14 Pterygium and Strabismus



Malcolm Ing


Summary


In this chapter, the author will describe the pathology of pterygia with its relationship to the adjacent structure, the medial rectus. Pterygia that have developed on the nasal side of the eye are partially overlying the medial recti. Despite the fact that various techniques have been developed and employed to excise pterygia, recurrences are common. The scarring involving the medial rectus after surgery for primary or recurrent pterygia may restrict the abduction of the involved eye, resulting in an annoying and intractable diplopia in attempted horizontal gaze positions. The author will describe a surgical technique to treat restrictive strabismus following pterygium excision. Corrective surgery is performed by safely dissecting all of the scar tissue from the medial rectus. In some cases, a recession of this ocular muscle is also necessary. A conjunctival autograft is performed in all cases to cover the large conjunctival defect. The combination of all three essential steps of this surgical approach will restore motion and function of the medial rectus with relief of the diplopia.

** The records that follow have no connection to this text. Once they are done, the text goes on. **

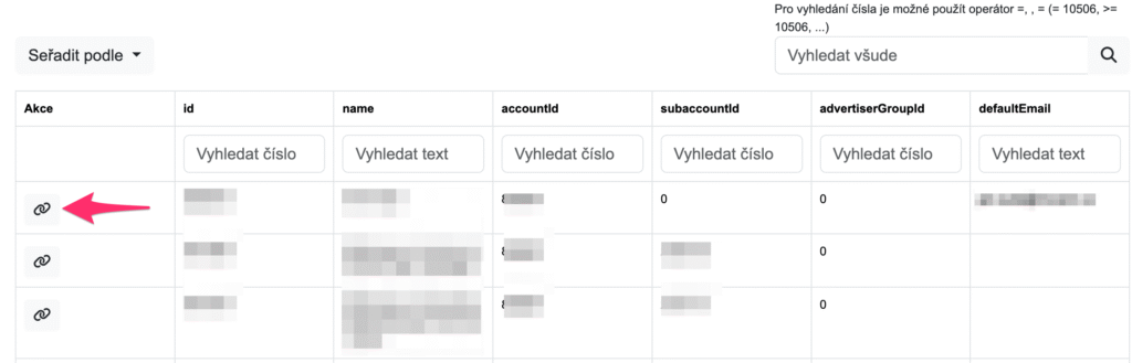 V menu Klienti vybereme klienta a ikonkou tužky naeditujeme záznam o jeho Advertiser ID a Default Landing page ID – jsou v dolní části editace klienta.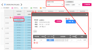 予約一覧(B-③):ポップアップに表示されているデータに絞った予約一覧が確認できます。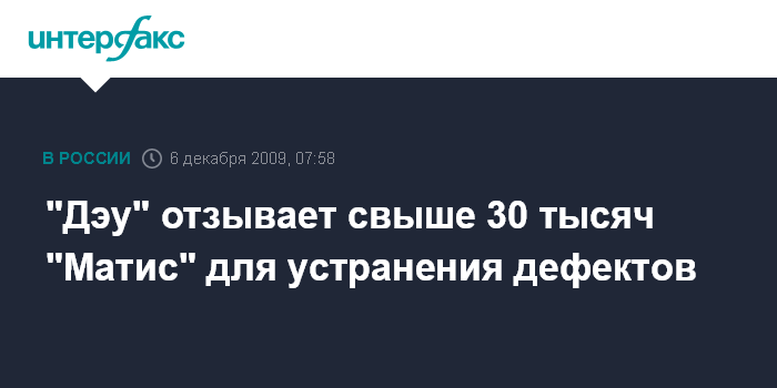Лондон. 6 декабря. INTERFAX.RU - GM Daewoo Auto & Technology - южнокорейская дочерняя компания "Дженерал моторс" - отзывает для устранения дефектов 30,7 тыс. микролитражек "Матис", выпущенных с июля по ноябрь 2009 года. Как сообщает британская вещательная корпорация Би-би-си, выяснилось, что стеклоочистители этих микролитражек не работают при низкой температуре, а надувные подушки безопасности при столкновении "отделяются от машины".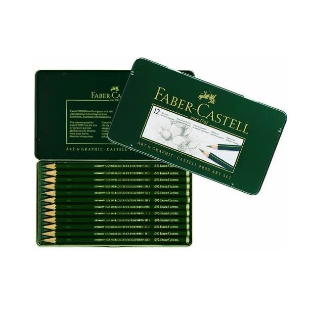 Набір олівців чорнографітних Faber-Castell Castell 9000 12 штук 2H-8B, в металевій коробці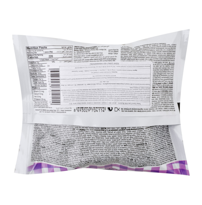 | Склад (укр.) | Цукор, борошно, яйце, кукурудзяне борошно, цукор, пшеничне борошно, яйце, рослинна олія (пальмова), глюкозний сироп (кукурудзяна), повністю гідрогенізована рослинна олія (пальмова, пальмоядрова), какао-порошок, кукурудзяний крохмаль, зволожувачі (гліцерин, сорбіт), сухе знежирене молоко, суха сироватка (молоко), декстроза (кукурудза), рослинна олія (ріпакова, соняшникова, пальмова), модифікований крохмаль тапіоки, розпушувач (ацидофосфат натрію), емульгатор (моно- та дигліцериди рослинних жирних кислот), розпушувач (бікарбонат натрію), сіль, консервант (сорбат калію), емульгатор лецитин (соя), емульгатор (полігліцеринові ефіри рослинних жирних кислот), ароматизатор (чорниця), барвник (гібіскус, екстракт чорної моркви, екстракт спіруліни), ароматизатор (шоколад), загущувач (ксантанова камедь), відбілювач (пальмова олія, бджолиний віск, карнаубський віск), кислота (лимонна), стабілізатор (стеарат калію), загущувач (камедь, барвники (концентрат соку бурякового кореня, концентрат соку чорної моркви), ароматизатор (етиловий ванілін) |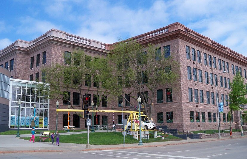 The Washington Pavilion in Sioux Falls, South Dakota, is a vibrant performing arts and science center housed in the historic former Washington High School building, which dates back to the early 20th century and is noted for its neoclassical architecture and Sioux quartzite stone construction.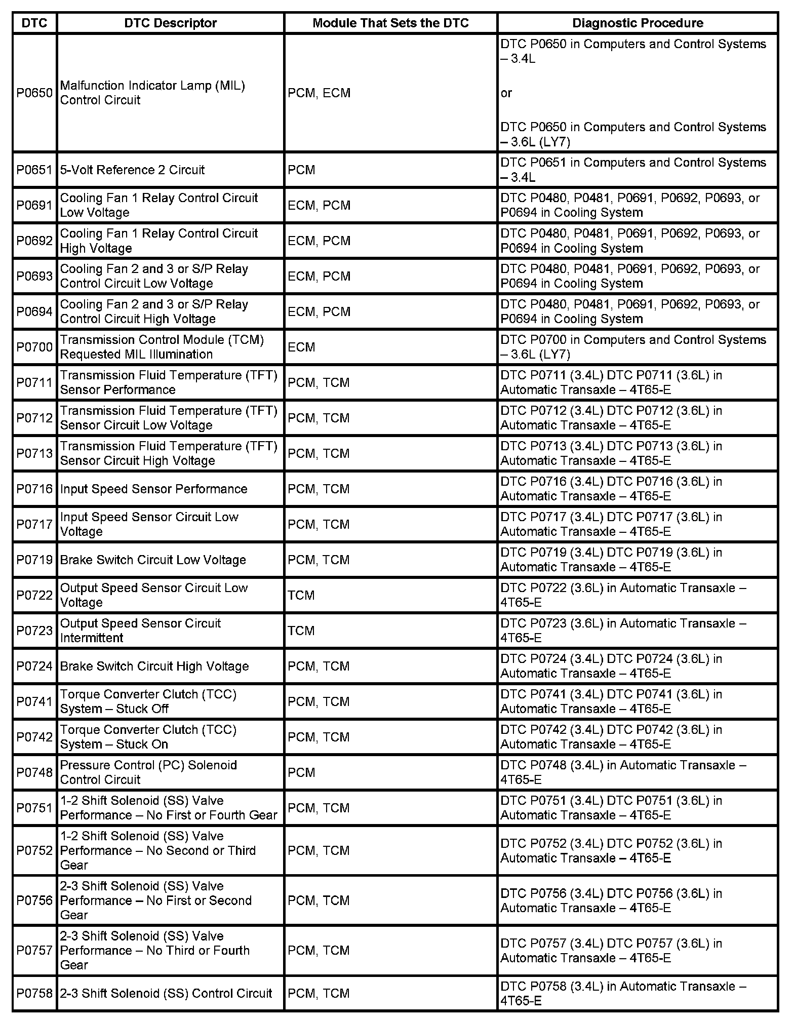 DTC's P0650 - P0758: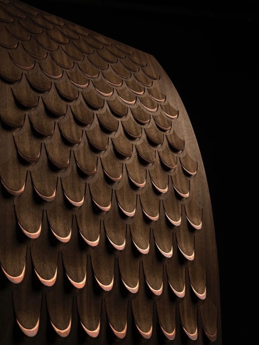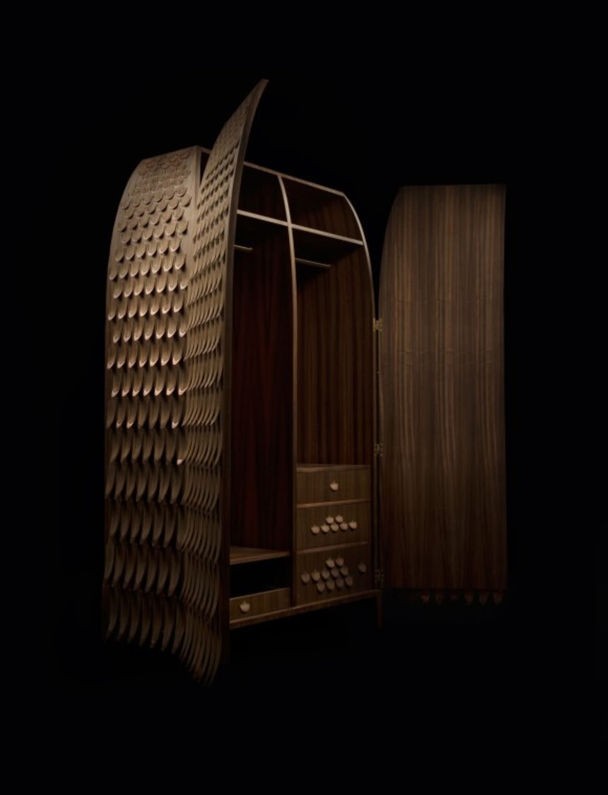 この画像を大きなサイズで見るまた、アボリジニの間で語り継がれている鱗だらけの生物を参考にしたワードローブなどもある。こちらは銅素材にクルミ材の化粧板を丁寧に張り付け、鱗風の装飾が施されたもの。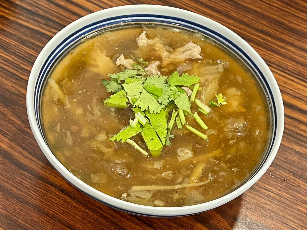 搭配古早味酸甜湯頭,相當開胃的調味,越喝越開胃,加上點辣椒跟黑醋,酸辣帶勁又能感受到肉羹紮實感,不論配飯配麵都很搭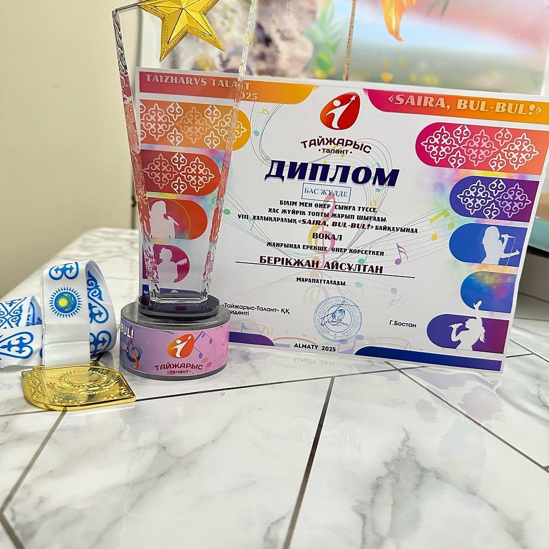 VIII Халықаралық’Тайжарыс””Сайра бұлбұл”байқауында вокал номинациясы бойынша ерекше өнер көрсеткен Жетісу ауданы N110 мектеп- гимназияның 3”Г” сынып оқушысы Берікжан Айсұлтан БАС ЖҮЛДЕНІ жеңіп алып, Түркі еліне жолдама алды. Жетекшісі музыка пәні мұғалімі, Оразбаева Ляззат Камитовна.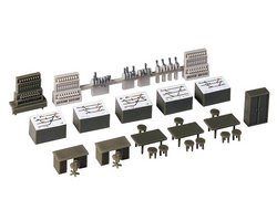 Descrição: Conjunto de equipamento para decoração interior de torres de sinalização, incluindo elementos típicos como alavancas de comando, mobiliário e acessórios técnicos. Ideal para acrescentar realismo a edifícios ferroviários detalhados.

14 Pterygium and Strabismus



14.1 Pathology of Pterygia


Hogan and Zimmerman describe pterygia as a degeneration of the conjunctiva. 1 The lesion is characterized by an elevated mass of thickened conjunctiva at the limbus. Microscopically, the epithelium is irregular and the collagen fibers are hypertrophic, dense, and hyalinized. The pathologic conjunctiva may develop granular basophilic material with many new vessels in the stroma and infiltration by large mononuclear connective tissue cells. Ninety percent of pterygia are found nasally, and these occur in the interpalpebral zone. The pathogenesis is unknown, but pterygia are thought to be the result of external irritants, which include wind, dust, and sunlight as causal agents.


Numerous techniques have been suggested to reduce the pterygium recurrence rate after excision. These methods have included the use of beta radiation and topical mitomycin C eyedrops as adjuncts to the surgical removal. 2 ,​ 3 ,​ 4 ,​ 5 ,​ 6 ,​ 7 ,​ 8 ,​ 9 ,​ 10 ,​ 11 ,​ 12 Both of these techniques may result in a long-term decrease in ocular circulation with thinning and necrosis of the sclera. This complication of necrosis may occur after many years following the pterygium excision.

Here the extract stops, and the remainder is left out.